GSU to study yoga’s impact on juvenile offenders

Yoga has many elements including physical fitness and mindfulness.

Credit: Matt Cardy

Credit: Matt Cardy

Yoga has many elements including physical fitness and mindfulness.

Researchers at Georgia State University’s school of public health will launch a study on the effectiveness of yoga and mindfulness in juvenile justice facilities.

The researchers hope to see whether their new program can provide young offenders with coping skills, and reduce the chances of them re-offending after they leave.

According to the school, the National Institutes of Health gave GSU a $700,000 grant for the three-year project.

The principal investigator, Dr. Ashli Owen-Smith, intends to modify classes that already exist in the facilities in order to specifically serve young offenders who have experienced trauma.

Yoga has a checkered history in Georgia.  Its popularity among adult women has exploded, and it is now being taught in some schools as a stress relieving physical activity.

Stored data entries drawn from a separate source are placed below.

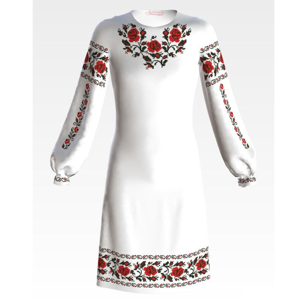 ПД024пБ40нн Барвиста вишиванка Заготовка для вишивки - Сукня для дівчинки 9-12 років, габардин, білий
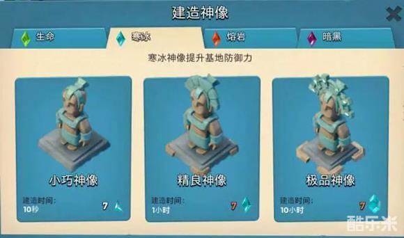 不管你是主防御还是主进攻,基地上应该都会留有寒冰神像的位置。相较于建筑伤害和建筑血量,比较推荐建筑血量,毕竟拥有更多的血量,才能顶住更多的攻击。
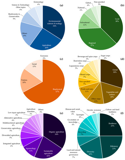 Percentage of reviewed papers characterized according to the (a) research areas specified in Web of Science, (b) spatial scale of analysis, (c) methodological approach, (d) studied crops, (e) terms used to refer to the type of agricultural management and (f) the FAO’s elements of agroecology considered.
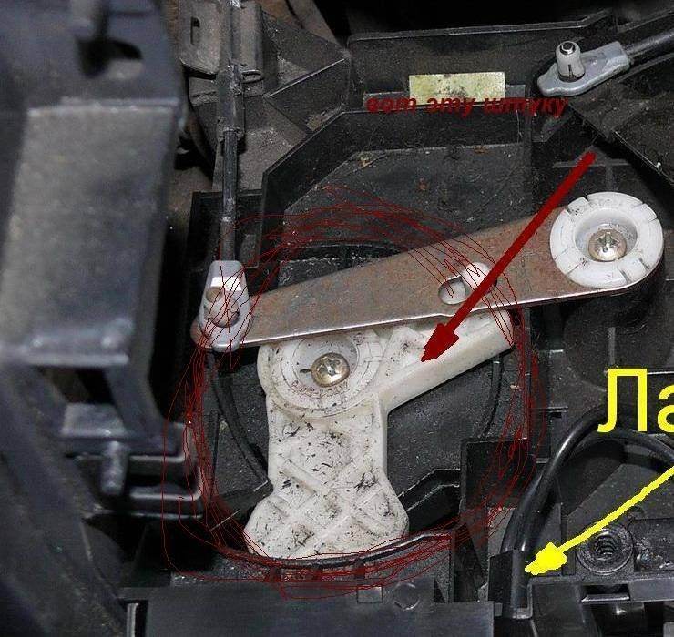 у мну не такая система.то что показано стрелкой стоит внизу и через прорезь двигает рычаг троса.
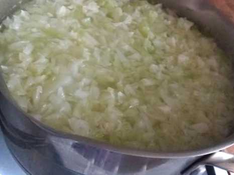 Крок 4. Коли капуста звариться і стане м'якою, відкидаємо її на друшляк, щоб стекла вода. Залишіть її на кілька хвилин, щоб вона охолола. А можна просто обдати її холодною водою.
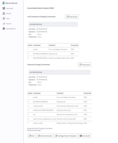 This document briefly discusses using Secret Server Remote Password Changing (RPC) for Cisco Enable Secret (SSH) and Cisco Enable Secret (Telnet) accounts. With Remote Password Changing (RPC), secrets can automatically change remote account passwords when a secret expires, either immediately or on a defined schedule. In addition, the new passwords’ strengths and other qualities are completely configurable. See the Password Changer List for a complete list of available password changers.
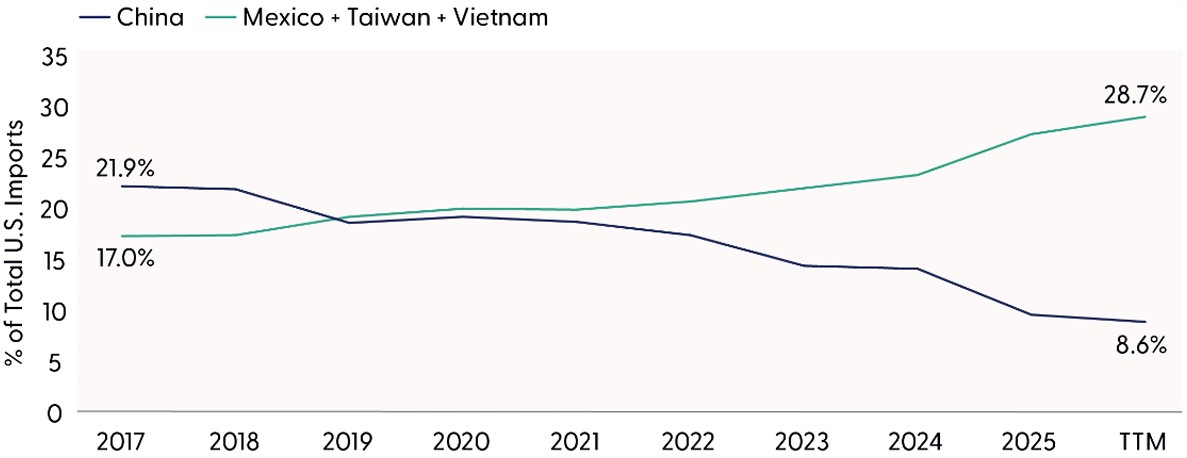 Imports from China Now Below ~9% as Mexico, Vietnam, and Taiwan Gain Share
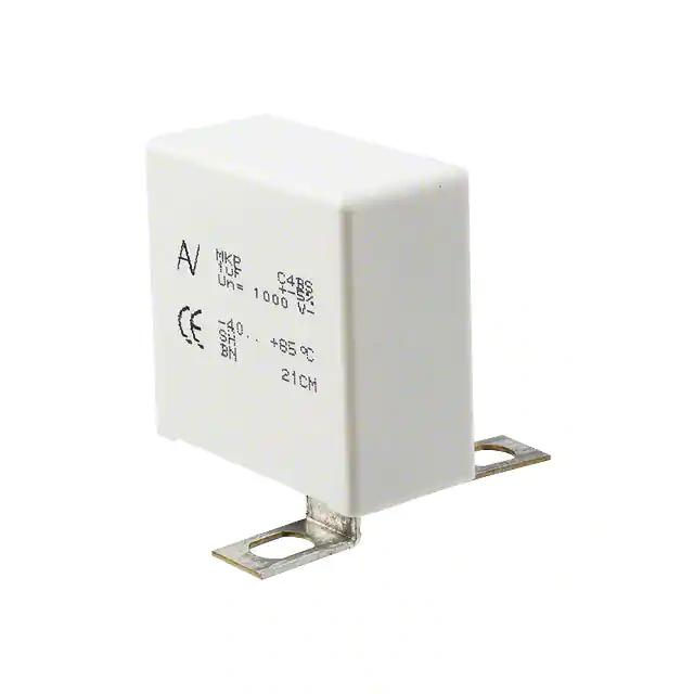 This is 1μF Polypropylene Capacitor PP 550 V ac 850 V dc ±5% Tolerance Solder Lug C4BS Series manufactured by KEMET. The manufacturer part number is C4BSMBX4100ZEFJ. It has a maximum operating temperature of +85°c. The given dimensions of the product include 41.5 x 20 x 40mm. The product is available in solder lug configuration. The product c4bs, is a highly preferred choice for users. Its accurate length is 41.5mm. In addition, the height is 40mm. It provides a 1µf of capacitance value. The product comes in 20mm depth. It carries a 550 v ac, 850 v dc of voltage. Whereas, the minimum operating temperature of the product is -40°c. It features ±5% of tolerance value. 850v of DC voltage rating. It is assigned with possible HTSUS value of 8532.25.0020. The product is rohs3 compliant. It carries ESR (Equivalent Series Resistance) of 4 mohms. It provides a 1 µf of capacitance value. The product has -40°c ~ 85°c operating temperature range. Moreover, the product comes in [Package/ Case]. It has the maximum seated height of 1.575" (40.00mm) Moreover, the product is constructed from highly polypropylene (pp), metallized dielectric material. The product exhibits 550v of AC voltage rating. In addition, it is reach unaffected. The product is widely employed in dc link, dc filtering; snubber. It is shipped in bulk. The product's diameters include 1.634" l x 0.787" w (41.50mm x 20.00mm). The product features screw terminals termination style. It has a long 22 weeks standard lead time. Its typical moisture sensitivity level is not applicable. The product is available in chassis mount configuration. It is assigned with 1.299" (33.00mm) of lead spacing. Moreover, it corresponds to c4bsmb, a base product number of the product. The product is designated with the ear99 code number

Last year, however, Bullard Elementary School in Cobb County saw an uproar among some parents who objected.  They were concerned about the non-Christian roots of yoga in Asia, and protested that it was a religious practice.  In response, the school agreed that the yoga students there would no longer close with the traditional Sanskrit greeting of "Namaste," which often has a spiritual element, or put their hands in front of their hearts.